**Assignment**
Below, find the line containing "Fotosentez en hızlı"; from there to the final line, print every line exactly and skip the pictures.

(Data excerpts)

####

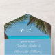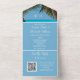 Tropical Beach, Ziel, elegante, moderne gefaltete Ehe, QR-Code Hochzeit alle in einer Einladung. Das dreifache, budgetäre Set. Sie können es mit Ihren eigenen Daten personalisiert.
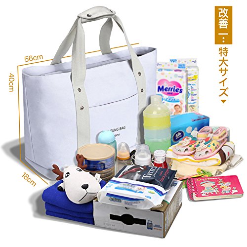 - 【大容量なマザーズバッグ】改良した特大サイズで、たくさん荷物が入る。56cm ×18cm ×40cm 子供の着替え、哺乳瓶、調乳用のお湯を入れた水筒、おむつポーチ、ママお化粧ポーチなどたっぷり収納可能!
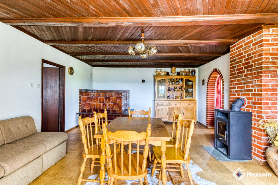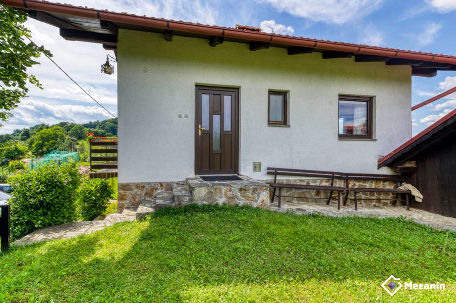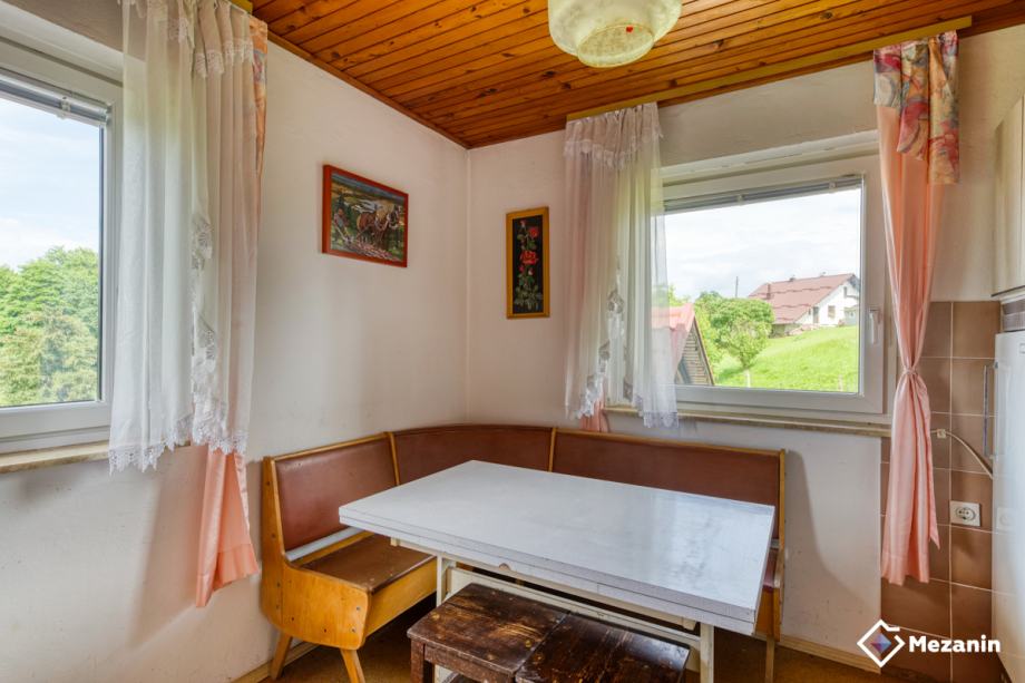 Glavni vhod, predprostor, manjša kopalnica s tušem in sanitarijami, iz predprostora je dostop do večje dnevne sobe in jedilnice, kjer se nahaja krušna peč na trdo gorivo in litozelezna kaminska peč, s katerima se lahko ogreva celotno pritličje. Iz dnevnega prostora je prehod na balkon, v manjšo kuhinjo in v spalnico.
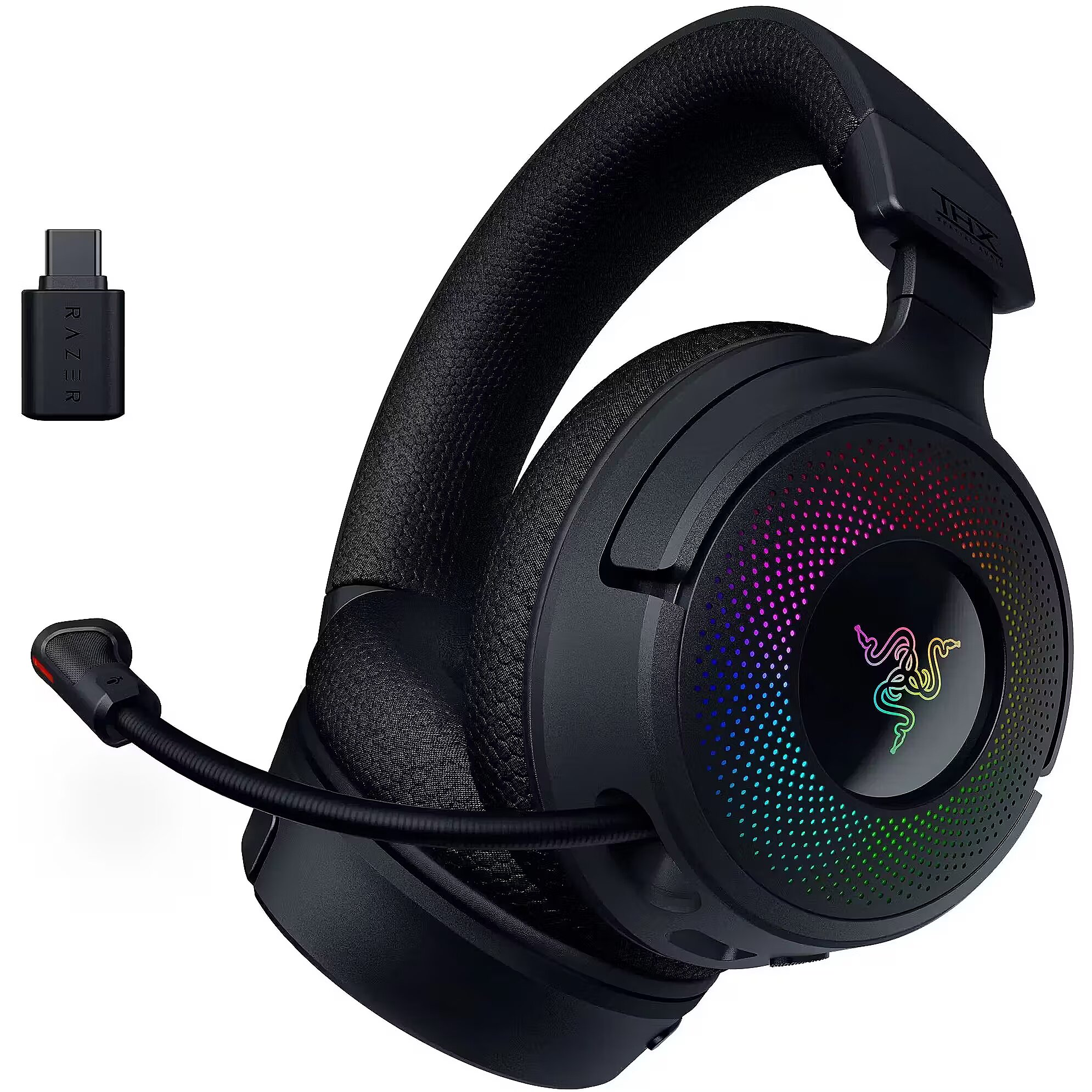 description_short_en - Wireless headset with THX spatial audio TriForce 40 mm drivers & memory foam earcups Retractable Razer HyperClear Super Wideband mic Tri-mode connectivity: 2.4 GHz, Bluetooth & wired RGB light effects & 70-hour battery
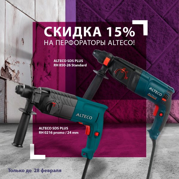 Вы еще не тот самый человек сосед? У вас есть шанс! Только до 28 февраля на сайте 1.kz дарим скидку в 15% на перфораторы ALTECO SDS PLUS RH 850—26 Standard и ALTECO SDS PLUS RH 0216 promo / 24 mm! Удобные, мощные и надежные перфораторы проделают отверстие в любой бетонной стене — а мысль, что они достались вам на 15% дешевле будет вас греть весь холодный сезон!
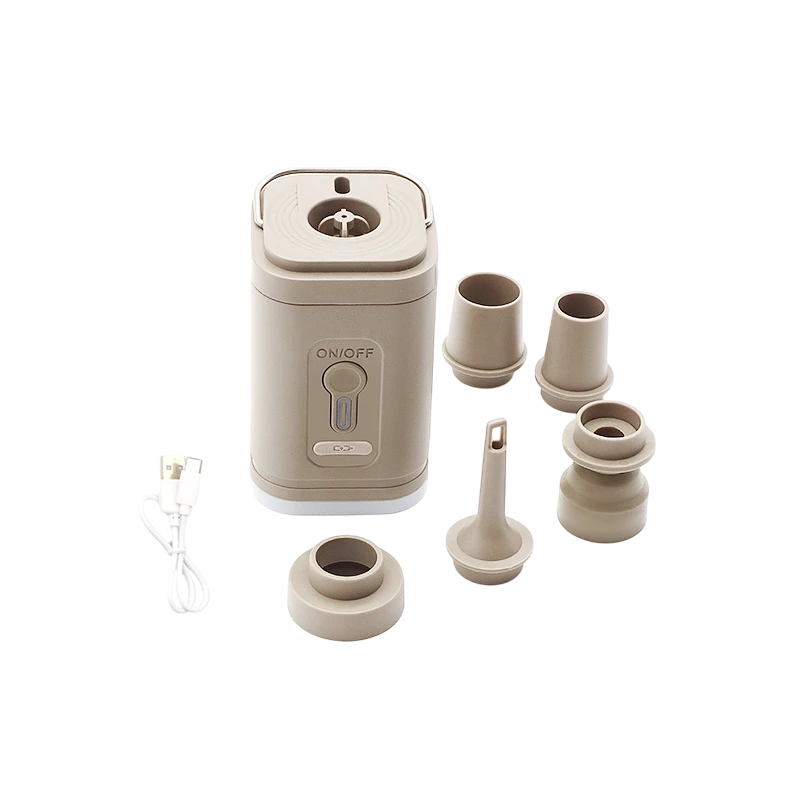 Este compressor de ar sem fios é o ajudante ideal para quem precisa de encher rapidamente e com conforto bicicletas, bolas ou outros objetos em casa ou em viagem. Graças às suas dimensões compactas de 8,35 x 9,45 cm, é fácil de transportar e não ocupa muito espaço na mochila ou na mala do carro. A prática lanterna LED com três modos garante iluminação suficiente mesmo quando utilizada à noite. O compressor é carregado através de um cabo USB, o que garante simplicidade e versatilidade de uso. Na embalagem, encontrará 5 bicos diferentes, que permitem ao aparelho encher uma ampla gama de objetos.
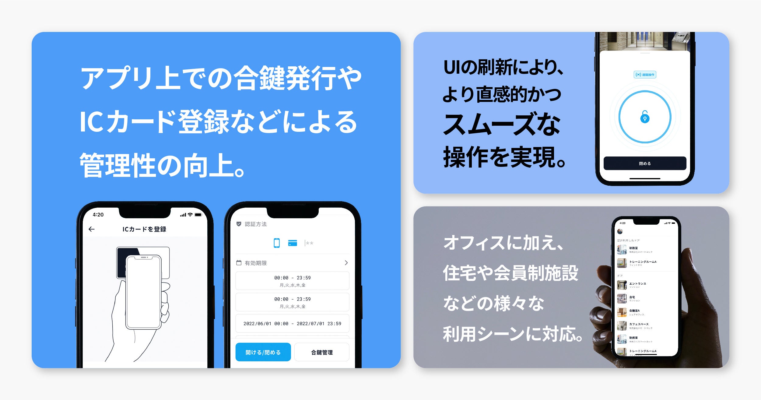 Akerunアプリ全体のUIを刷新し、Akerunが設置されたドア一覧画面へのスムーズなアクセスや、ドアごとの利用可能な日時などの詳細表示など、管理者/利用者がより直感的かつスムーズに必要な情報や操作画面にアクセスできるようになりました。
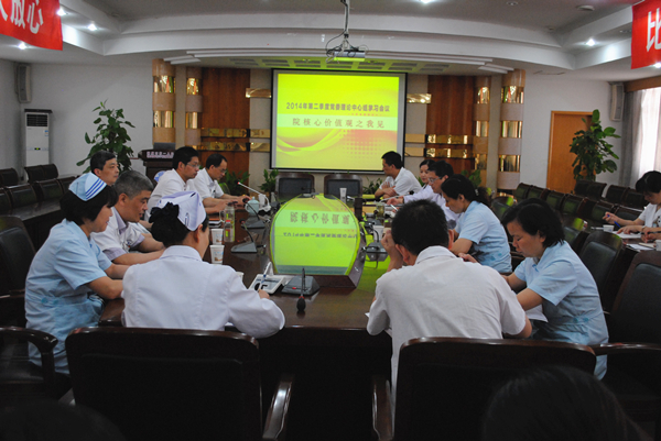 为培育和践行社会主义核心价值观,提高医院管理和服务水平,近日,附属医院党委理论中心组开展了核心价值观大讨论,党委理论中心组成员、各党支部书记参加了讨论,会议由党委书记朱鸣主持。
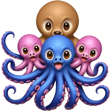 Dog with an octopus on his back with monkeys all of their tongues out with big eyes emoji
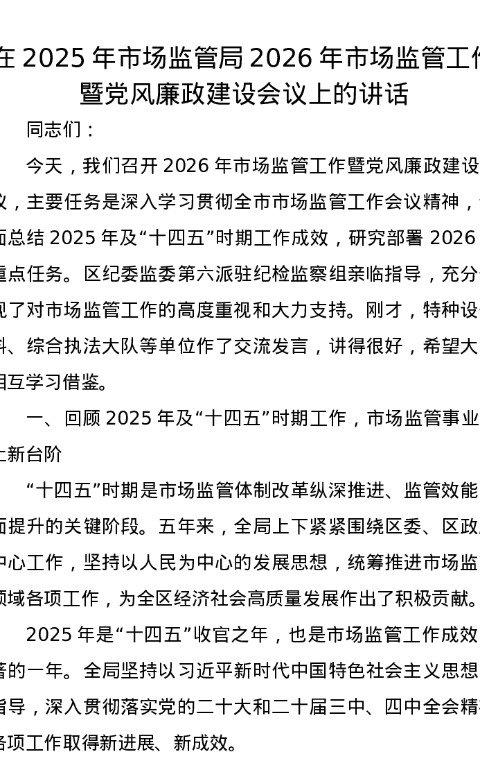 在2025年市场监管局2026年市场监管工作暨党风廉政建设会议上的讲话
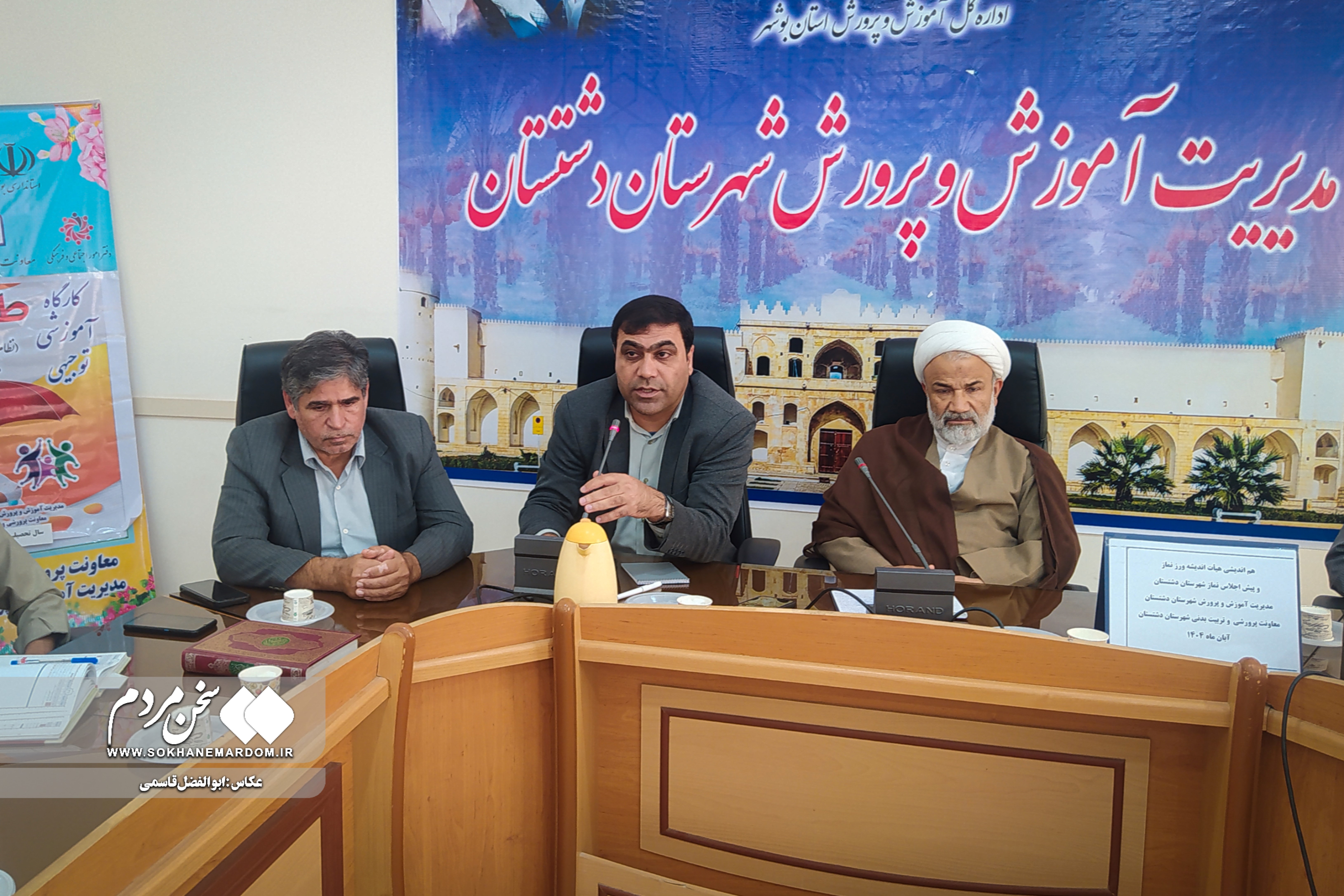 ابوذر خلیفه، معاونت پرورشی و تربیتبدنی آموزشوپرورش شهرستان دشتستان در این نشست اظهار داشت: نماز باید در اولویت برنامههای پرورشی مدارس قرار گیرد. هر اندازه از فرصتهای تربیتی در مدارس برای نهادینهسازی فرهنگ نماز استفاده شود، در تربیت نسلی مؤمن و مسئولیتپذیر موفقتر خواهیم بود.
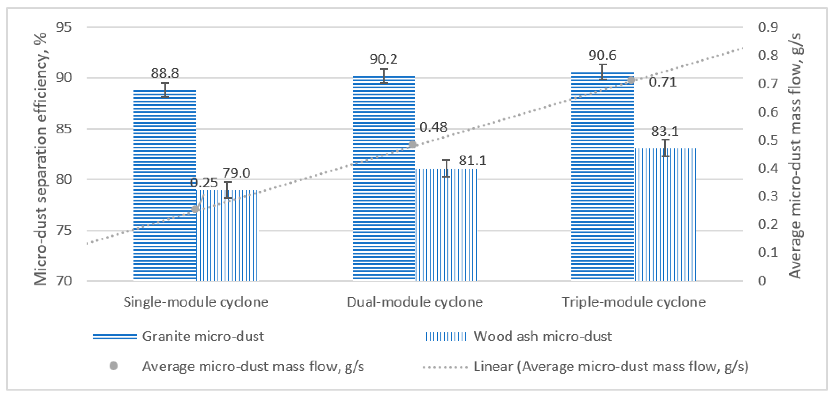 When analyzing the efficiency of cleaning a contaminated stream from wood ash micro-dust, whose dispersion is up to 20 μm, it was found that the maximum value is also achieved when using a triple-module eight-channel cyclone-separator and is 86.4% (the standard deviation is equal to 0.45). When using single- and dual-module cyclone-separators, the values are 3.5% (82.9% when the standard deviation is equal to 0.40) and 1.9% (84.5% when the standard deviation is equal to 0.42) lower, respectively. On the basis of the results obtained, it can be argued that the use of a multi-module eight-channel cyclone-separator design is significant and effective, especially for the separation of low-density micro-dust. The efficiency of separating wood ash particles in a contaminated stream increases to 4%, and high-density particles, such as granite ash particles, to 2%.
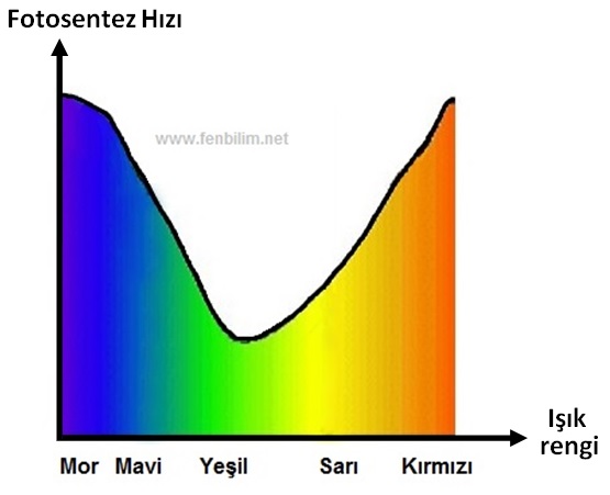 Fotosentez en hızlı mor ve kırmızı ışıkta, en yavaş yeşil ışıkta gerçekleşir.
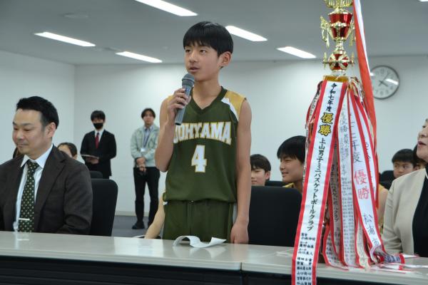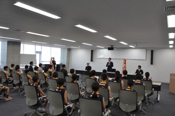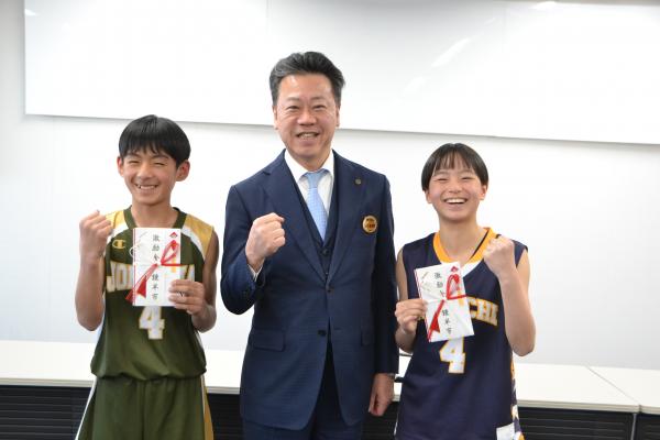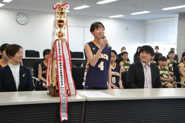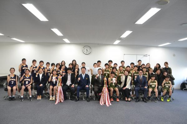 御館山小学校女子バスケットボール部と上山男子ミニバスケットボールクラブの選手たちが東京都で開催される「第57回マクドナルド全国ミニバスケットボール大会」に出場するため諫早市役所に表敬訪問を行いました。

####

**The answer**
 Fotosentez en hızlı mor ve kırmızı ışıkta, en yavaş yeşil ışıkta gerçekleşir.
 御館山小学校女子バスケットボール部と上山男子ミニバスケットボールクラブの選手たちが東京都で開催される「第57回マクドナルド全国ミニバスケットボール大会」に出場するため諫早市役所に表敬訪問を行いました。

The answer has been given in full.